The Levelling-up and Regeneration Bill received Royal Assent on Thursday 26th October 2023 and is now known as the Levelling-up and Regeneration Act 2023.

The Department for Levelling Up, Housing and Communities announced in a press release on 26th October that the new laws would “speed up the planning system, hold developers to account, cut bureaucracy, and encourage more councils to put in place plans to enable the building of new homes.”

The Levelling Up and Regeneration Bill was first published in May 2022, since then, both parliamentary houses have deliberated its provisions, resulting in a number of amendments to the legislation.

Secretary of State for Levelling Up, Housing and Communities, Rt Hon Michael Gove MP has said:

“Our landmark Levelling-Up and Regeneration Act will deliver more homes for communities across the country and unleash levelling up in left-behind places. It will deliver revitalised high streets and town centres. A faster and less bureaucratic planning system with developers held to account. More beautiful homes built alongside GP surgeries, schools and transport links, and environmental enhancement. Communities taking back control of their future with new powers to shape their local area. And our long-term levelling up missions enshrined in law.”

Since the Levelling-up and Regeneration Act 2023 has received Royal Assent, the first question clients will likely ask about the numerous updated planning provisions within the new Act will be: does anything immediately affect our schemes?

To be candid, the short answer is: “no”. The earliest date that some of the planning provisions will come into force is Tuesday 26th December 2023, however, most of the changes will likely take effect much later. For a full list of the known specific commencement and transitional provision dates for the updated planning legislations, please see: Section 255 (Commencement and transitional provision), part 13 of the published Levelling-up and Regeneration Act 2023.

Below is a list of some of the headline measures intended to change the planning system, that will apply in England:

  • Local Planning Authorities will have the power to decline to determine applications from applicants who have previously not implemented permissions in the area, or who have built out developments unreasonably slowly;
  • The introduction of the requirement for developers to submit commencement notices to the Local Planning Authority to specify the date on which they expect that development will begin;
  • The introduction of a new Section 73B consenting route to vary planning permissions, including varying descriptions of development;
  • The raising of the enforcement period for all planning breaches of planning control to ten years;
  • The introduction of a ‘Street Votes’ system which will allow residents to propose development on their street and hold a vote on whether planning permission should be given;
  • A new Infrastructure Levy (IL) is introduced, replacing the current Section 106 and Community Infrastructure Levy (CIL) regime at the local level, although CIL will remain in Greater London and Wales;
  • Increased weight will be given to local plans, neighbourhood plans and spatial development strategies that are proposed by mayors or combined authorities;
  • Local Plans will be limited to ‘locally specific’ matters, with ‘issues that apply in most areas’ to be covered by new National Development Management Policies (NDMPs).
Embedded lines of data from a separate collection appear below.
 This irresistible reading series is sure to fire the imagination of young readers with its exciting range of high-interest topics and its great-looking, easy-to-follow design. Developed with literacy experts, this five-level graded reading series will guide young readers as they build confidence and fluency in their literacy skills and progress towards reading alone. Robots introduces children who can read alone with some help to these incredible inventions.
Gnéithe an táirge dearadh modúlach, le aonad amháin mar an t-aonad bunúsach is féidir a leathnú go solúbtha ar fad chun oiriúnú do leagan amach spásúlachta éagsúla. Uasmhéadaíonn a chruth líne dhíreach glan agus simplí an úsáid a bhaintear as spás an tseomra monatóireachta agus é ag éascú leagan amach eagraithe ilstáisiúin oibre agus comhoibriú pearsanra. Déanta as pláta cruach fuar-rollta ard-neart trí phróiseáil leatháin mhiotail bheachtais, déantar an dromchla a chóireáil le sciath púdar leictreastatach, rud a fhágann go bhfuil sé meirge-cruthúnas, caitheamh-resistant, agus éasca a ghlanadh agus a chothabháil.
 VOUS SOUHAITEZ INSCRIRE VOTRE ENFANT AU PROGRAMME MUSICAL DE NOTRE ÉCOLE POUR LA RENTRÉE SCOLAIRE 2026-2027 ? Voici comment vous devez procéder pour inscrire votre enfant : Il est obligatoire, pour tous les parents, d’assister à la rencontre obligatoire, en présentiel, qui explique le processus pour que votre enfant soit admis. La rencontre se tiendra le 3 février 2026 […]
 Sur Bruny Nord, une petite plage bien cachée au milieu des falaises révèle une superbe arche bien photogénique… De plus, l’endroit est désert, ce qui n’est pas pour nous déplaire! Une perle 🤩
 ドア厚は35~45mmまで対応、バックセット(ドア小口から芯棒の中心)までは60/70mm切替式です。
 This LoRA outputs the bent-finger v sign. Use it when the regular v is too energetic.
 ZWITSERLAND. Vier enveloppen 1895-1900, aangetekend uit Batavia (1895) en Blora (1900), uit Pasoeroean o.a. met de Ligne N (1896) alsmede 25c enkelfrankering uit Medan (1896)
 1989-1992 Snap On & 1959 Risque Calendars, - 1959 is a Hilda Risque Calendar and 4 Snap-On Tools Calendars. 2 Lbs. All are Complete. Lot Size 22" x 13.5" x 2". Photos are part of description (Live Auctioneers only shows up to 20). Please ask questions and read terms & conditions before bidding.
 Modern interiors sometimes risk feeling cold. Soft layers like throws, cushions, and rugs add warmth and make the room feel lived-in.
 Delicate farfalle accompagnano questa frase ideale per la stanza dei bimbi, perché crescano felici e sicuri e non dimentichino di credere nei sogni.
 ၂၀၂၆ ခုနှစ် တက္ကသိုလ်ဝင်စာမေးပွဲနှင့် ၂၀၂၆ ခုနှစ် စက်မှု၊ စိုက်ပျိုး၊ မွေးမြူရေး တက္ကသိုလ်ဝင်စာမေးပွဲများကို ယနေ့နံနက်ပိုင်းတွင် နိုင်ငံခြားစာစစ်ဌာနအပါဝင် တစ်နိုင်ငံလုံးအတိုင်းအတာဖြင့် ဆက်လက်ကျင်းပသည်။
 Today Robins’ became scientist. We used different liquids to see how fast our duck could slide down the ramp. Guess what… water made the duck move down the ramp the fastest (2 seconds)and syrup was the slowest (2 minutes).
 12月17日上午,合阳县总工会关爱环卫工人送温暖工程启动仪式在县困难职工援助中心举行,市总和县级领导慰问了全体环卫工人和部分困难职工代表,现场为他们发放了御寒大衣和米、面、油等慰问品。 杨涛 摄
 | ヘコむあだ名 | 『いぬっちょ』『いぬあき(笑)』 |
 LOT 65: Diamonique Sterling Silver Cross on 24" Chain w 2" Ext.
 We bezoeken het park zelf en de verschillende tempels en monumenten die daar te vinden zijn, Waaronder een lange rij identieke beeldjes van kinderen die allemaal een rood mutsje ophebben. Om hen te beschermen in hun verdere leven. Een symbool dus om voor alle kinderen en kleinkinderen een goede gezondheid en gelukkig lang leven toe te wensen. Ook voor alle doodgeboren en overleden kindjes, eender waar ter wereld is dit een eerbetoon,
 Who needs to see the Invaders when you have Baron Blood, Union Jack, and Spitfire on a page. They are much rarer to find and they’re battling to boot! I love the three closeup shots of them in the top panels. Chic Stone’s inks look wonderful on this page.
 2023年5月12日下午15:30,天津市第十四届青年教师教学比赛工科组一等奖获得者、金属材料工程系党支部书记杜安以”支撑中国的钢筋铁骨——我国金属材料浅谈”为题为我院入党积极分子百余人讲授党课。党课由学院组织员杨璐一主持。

In the event of a conflict between the Local Plan Policy and NDMPs, NDMPs will have primacy;
  • The Duty to Cooperate will be dropped and any time limits prescribed for different stages of plan preparation;
    Environmental Impact Assessments, Sustainability Appraisals and Strategic Environmental Assessment will be replaced by ‘Environmental Outcome Reports’ (EOR);
  • Local Planning Authorities will be required to have a design code in place covering their entire areas. The area-wide codes will act as a framework for subsequent detailed design codes to be prepared for specific sites or areas;
  • Registered parks and gardens, World Heritage Sites, protected wreck sites and registered battlefields will gain the same level of planning protection as listed buildings and conservation areas;
  • The Compulsory Purchase Order system will be reformed, disapplying the ‘hope value’ compensation of land, seeing landowners compensated for only the existing use of their land.
  • It should be noted that all of the measures listed above have not come into effect immediately and that some will require secondary legislation.

Additionally, it should be noted that the Levelling-up and Regeneration Act 2023 does not include the government’s proposed amendments on nutrient neutrality, which would have seen local planning authorities have to assume that wastewater from developments would not adversely affect a habitat site. This comes after this amendment was rejected by the House of Lords in September. The Government has since pledged to table a new bill to unblock homes currently held up by nutrient neutrality rules at the ‘first available opportunity’.

Next Steps

There will be a range of further consultations and secondary legislations in order to bring the provision of the Levelling-up and Regeneration Act 2023 into effect. Pegasus Group understands that the government has promised that there will be a comprehensive update to the National Planning Policy Framework (NPPF), which was consulted on last December, in due course.